## WHAT TO WORK ON
Pictures in the material below are to be left out, and only the lines from the line with "9月22日下午,来华出席杭州亚运会开幕式的柬埔寨国王西哈莫尼抵达浙江省杭州市。" up to and including the line with "复古金属开口花朵手镯女朋克镂空手环手链小众设计甜酷风手表配饰" are to be written out exactly.

## SUPPLIED DATA
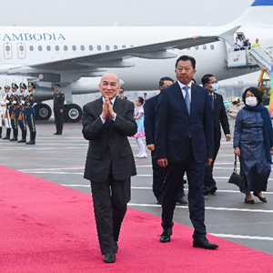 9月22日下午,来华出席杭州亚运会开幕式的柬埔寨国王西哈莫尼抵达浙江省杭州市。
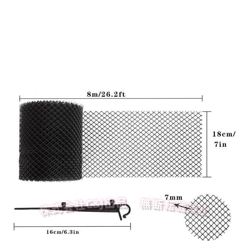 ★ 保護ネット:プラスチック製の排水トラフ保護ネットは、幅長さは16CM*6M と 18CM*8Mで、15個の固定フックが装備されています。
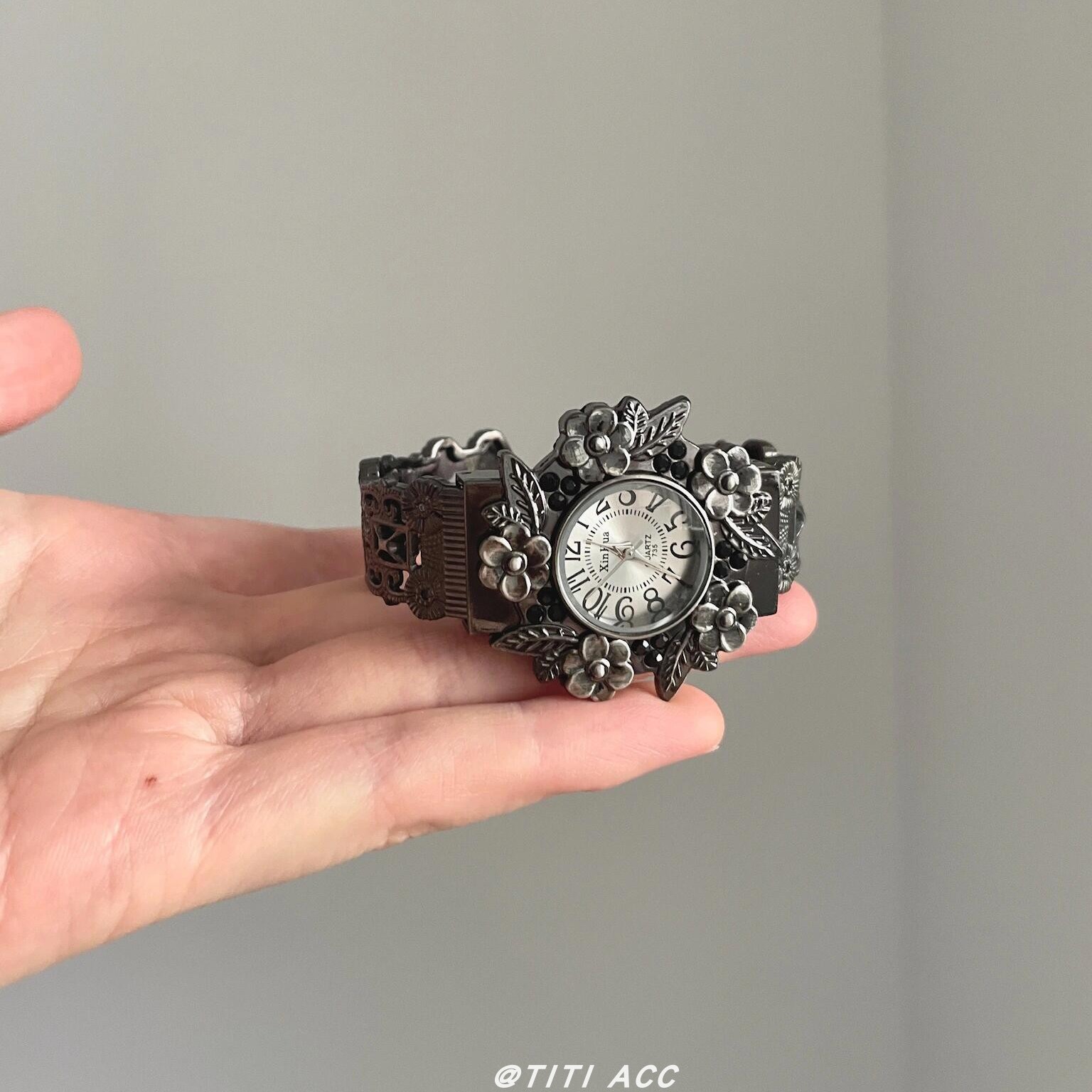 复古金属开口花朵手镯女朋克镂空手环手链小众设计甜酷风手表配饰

==

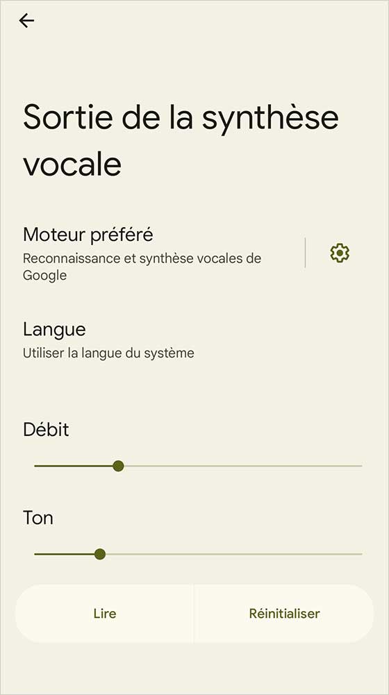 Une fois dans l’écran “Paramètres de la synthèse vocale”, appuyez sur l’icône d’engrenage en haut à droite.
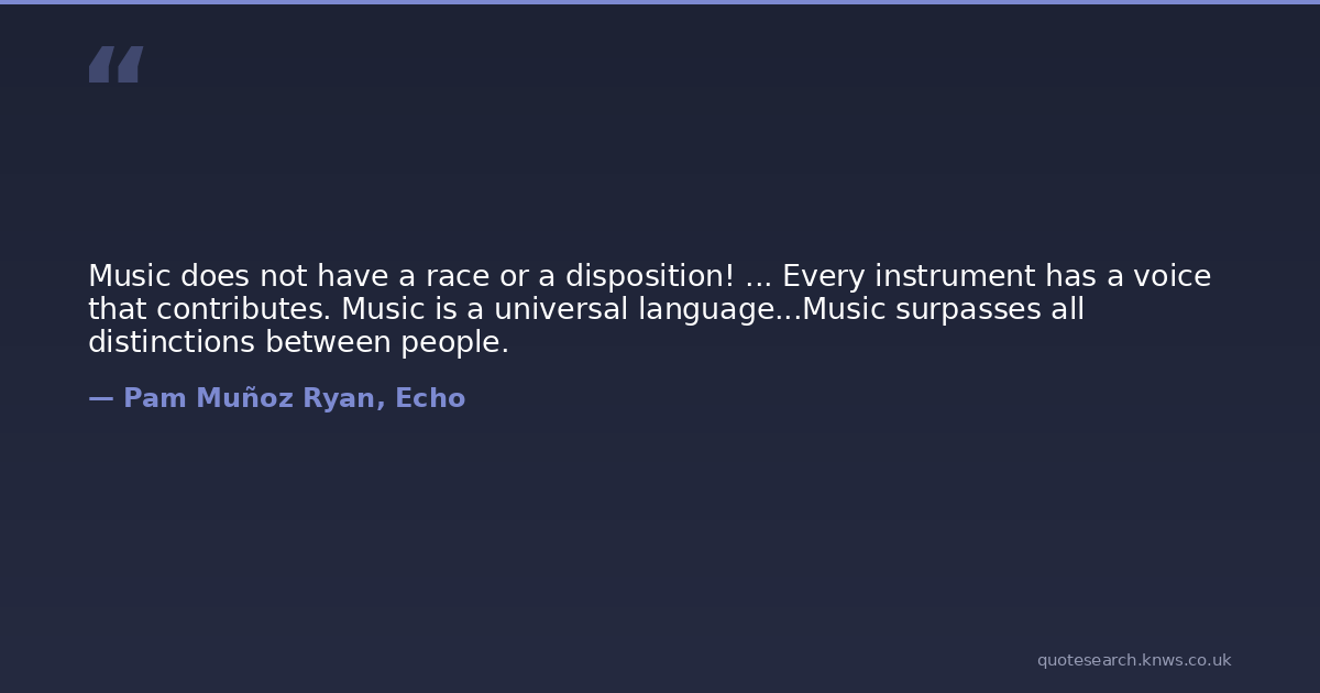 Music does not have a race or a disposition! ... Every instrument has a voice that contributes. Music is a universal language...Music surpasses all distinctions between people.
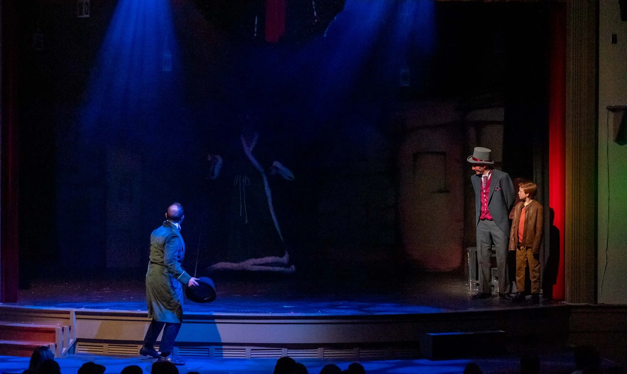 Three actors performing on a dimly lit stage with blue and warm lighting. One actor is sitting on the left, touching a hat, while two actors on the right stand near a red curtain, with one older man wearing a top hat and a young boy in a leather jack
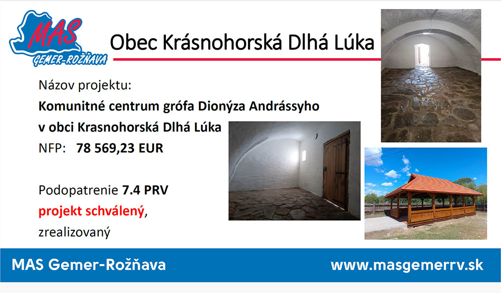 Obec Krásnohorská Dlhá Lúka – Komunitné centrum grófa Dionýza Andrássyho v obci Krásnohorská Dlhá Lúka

## SOLUTION TO THIS TASK
 9月22日下午,来华出席杭州亚运会开幕式的柬埔寨国王西哈莫尼抵达浙江省杭州市。
 ★ 保護ネット:プラスチック製の排水トラフ保護ネットは、幅長さは16CM*6M と 18CM*8Mで、15個の固定フックが装備されています。
 复古金属开口花朵手镯女朋克镂空手环手链小众设计甜酷风手表配饰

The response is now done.